Rescissions Act of 2025
- Long title: To rescind certain budget authority proposed to be rescinded in special messages transmitted to the Congress by the President on June 3, 2025, in accordance with section 1012(a) of the Congressional Budget and Impoundment Control Act of 1974.
- Announced in: the 119th United States Congress

Citations
- Public law: Pub. L. 119–28 (text) (PDF)

Legislative history
- Introduced in the House as H.R. 4 by Steve Scalise (R–LA) on June 6, 2025; Passed the House on June 12, 2025 (214–212); Passed the Senate on July 17, 2025 (51–48) with amendment; House agreed to Senate amendment on July 18, 2025 (216–213); Signed into law by President Donald Trump on July 24, 2025;

= Rescissions Act of 2025 =

U.S. federal law

The Rescissions Act of 2025 is a law passed by the 119th United States Congress. It rescinds $7.9 billion in funding from international assistance programs and $1.1 billion in funding from the Corporation for Public Broadcasting (CPB). After failing to advance budget measures to eliminate federal funding for public broadcasting during the first Trump administration, amid increased Trump's conflict with the media since his second term, President Trump requested a rescission bill to eliminate federal funding for the CPB, which passed in both chambers of the Republican-controlled Congress largely along party lines in July 2025.
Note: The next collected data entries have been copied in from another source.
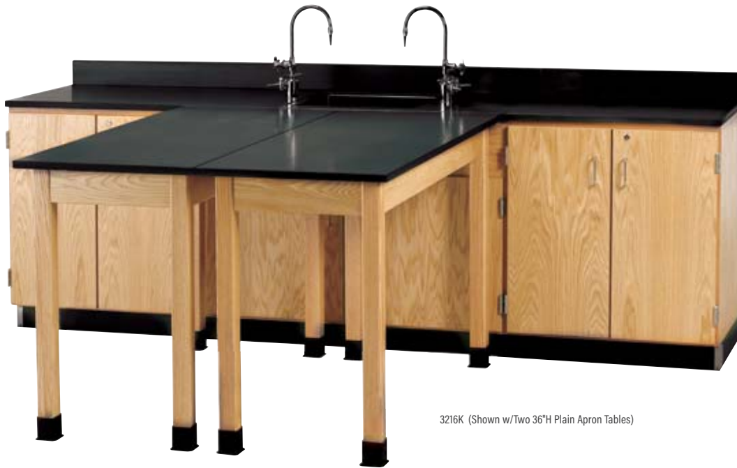
3216K (Shown w/Two 36"H Plain Apron Tables)
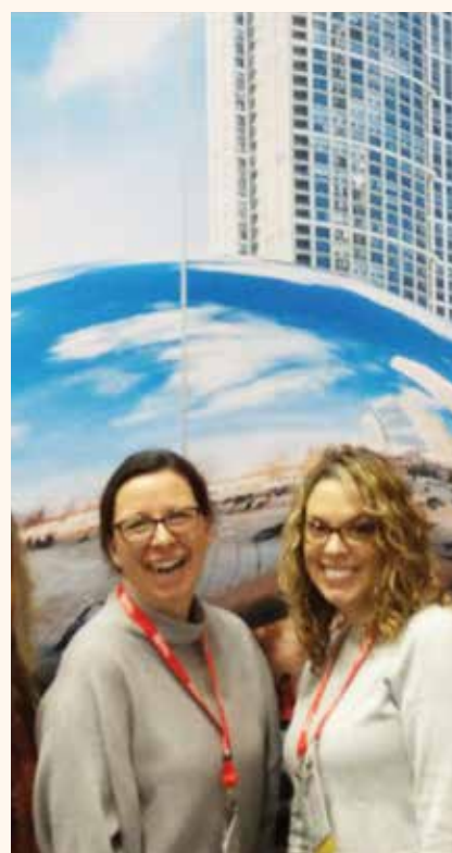
Attendees visit the Selfie Station during the 2019 AAP annual meeting. The AAP's 107th Annual Meeting, taking place in Miami Beach, offers four days of C.E. programming, including symposiums, lectures and hands-on workshops.
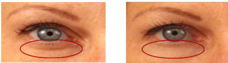
Figure 1. Before and after images of subject #1 following application of a Revital-Eyes solution.

An in vivo study was conducted over a period of three weeks to evaluate the effect of Revital-Eyes on under-eye bags and dark circles. 10 M/F subjects between the ages of 23-45 participated in the study. Following initial measurements, all subjects were asked to apply a 5% solution of Revital-Eyes to the right periorbital area twice a day for three weeks. Photographs were taken immediately after application of test materials and then weekly for three weeks. Results indicate that this material is capable of significantly decreasing the appearance of under-eye bags and dark circles. In addition, wrinkles and expression lines were also diminished with consistent product use.
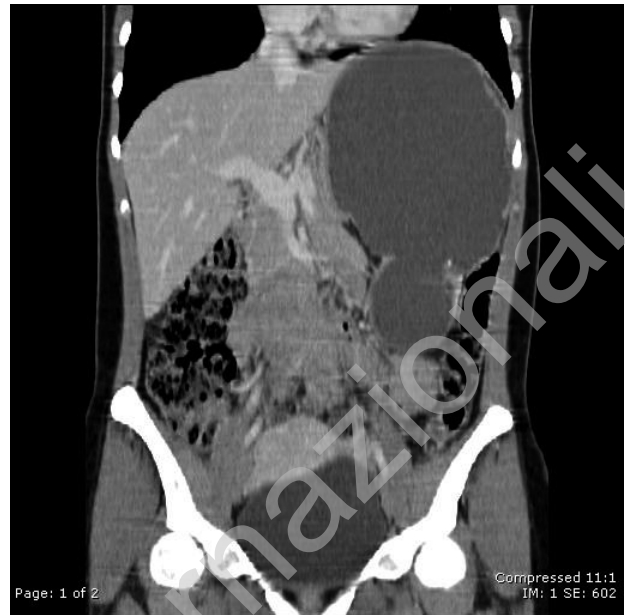
Fig. 1 - Coronal abdominal CT image showing the giant epidermoid cyst of the spleen.

We propose the percutaneous aspiration as a bridge to surgery in order to plan the best treatment for the specific cyst. After the insertion of the drain it is important to measure the daily output of fluid to check if there is a progressive reduction of the amount of fluid as expected or a persistence of significant discharge. The chance of complete healing without recurrence is rare in the second case without removing the entire cystic wall. This means that decapsulation is not feasible unless a high re-
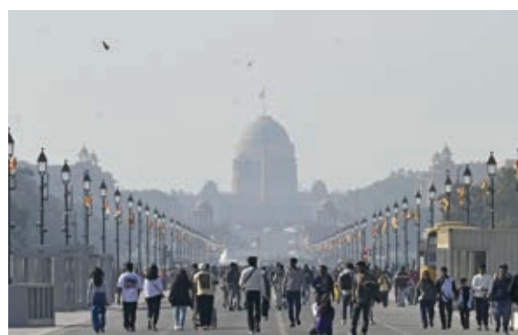
Visitors at the India Gate on a sunny day in New Delhi on Saturday.
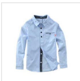
Kids Full Sleeves Plain Cotton Shirts

Despite opposition from moderate Republicans, the act passed the Republican-led House on June 12, 2025. An amended version passed the Republican-led Senate on July 17, 2025, and was agreed to in the House on the next day. President Trump signed the bill into law on July 24, 2025.

== Overview ==
A rescission bill rescinds funding that was previously passed in an appropriations bill. As is procedure, President Trump submitted the bill to Congress. Pursuant to the Impoundment Control Act of 1974, rescission bills cannot be fillibustered in the Senate. The original House version of the bill included $9.4 billion in funding cuts. Specifically, $8.3 billion was to be cut from international assistance programs, mostly from the United States Agency for International Development. The President's Emergency Plan for AIDS Relief (PEPFAR) was also set to see funding cuts. Additionally, $1.1 billion was to be cut from the Corporation for Public Broadcasting. The Corporation for Public Broadcasting provided funding for local noncommercial broadcasters, many of whom aired programming from National Public Radio (NPR) and the Public Broadcasting Service (PBS).

The Senate amended the bill to remove $400 million in cuts to PEPFAR, place exemptions on funding cuts for programs that treat and prevent major diseases (HIV/AIDS, malaria, and tuberculosis) and programs that support nutrition or maternal and child health, protect foreign aid for Jordan and Egypt, protect foreign aid for a fund that works to counter influence from China, and exempt funding cuts for programs that pay U.S. farmers to produce food that is distributed in poor countries.

== Votes ==
=== First passage in the House ===
The bill passed the House on June 12, 2025 in a 214–212 vote. All present Republicans except Mark Amodei of Nevada, Brian Fitzpatrick of Pennsylvania, Nicole Malliotakis of New York, and Mike Turner of Ohio, all moderate Republicans, voted for the bill. Two other moderate Republicans, Nick LaLota of New York and Don Bacon of Nebraska, initially voted no but changed their votes. Bacon said he changed his vote after receiving assurances from House Republican leadership that PBS would be fully funded for the 2026 U.S. federal budget and that global aid cuts would not affect funding for the President's Emergency Plan for AIDS Relief. All present Democrats voted against the bill. Two Republicans and four Democrats did not vote. If all absent members had voted with the majority of their party, the bill would have failed.

=== Passage in the Senate ===
In the early morning of July 17, 2025, the Senate passed an amended version of the act in a 51–48 vote. Moderate Republicans Susan Collins of Maine and Lisa Murkowski of Alaska voted against the bill with all present Democrats. Democratic Senator Tina Smith of Minnesota missed the vote after being hospitalized.

=== Second passage in the House ===
The House had to vote to pass the amended act by July 18, or the bill would have become invalid. Just after midnight on July 18, the House passed the act through a procedural rule, which also teed up an unrelated vote on U.S. Department of Defense funding. Moderate Republicans Brian Fitzpatrick of Pennsylvania and Mike Turner of Ohio joined all present Democrats in voting against the rule.

== Impact ==
On August 1, 2025, the CPB announced it would shut down in January 2026. Public media advocates argued that it would result in the closure of some stations and hamper access to emergency alerts in rural communities; the CPB's defunding and resulting closure would result in some public television and radio stations imposing staffing and programming cuts (with some electing to drop PBS and/or NPR programming altogether).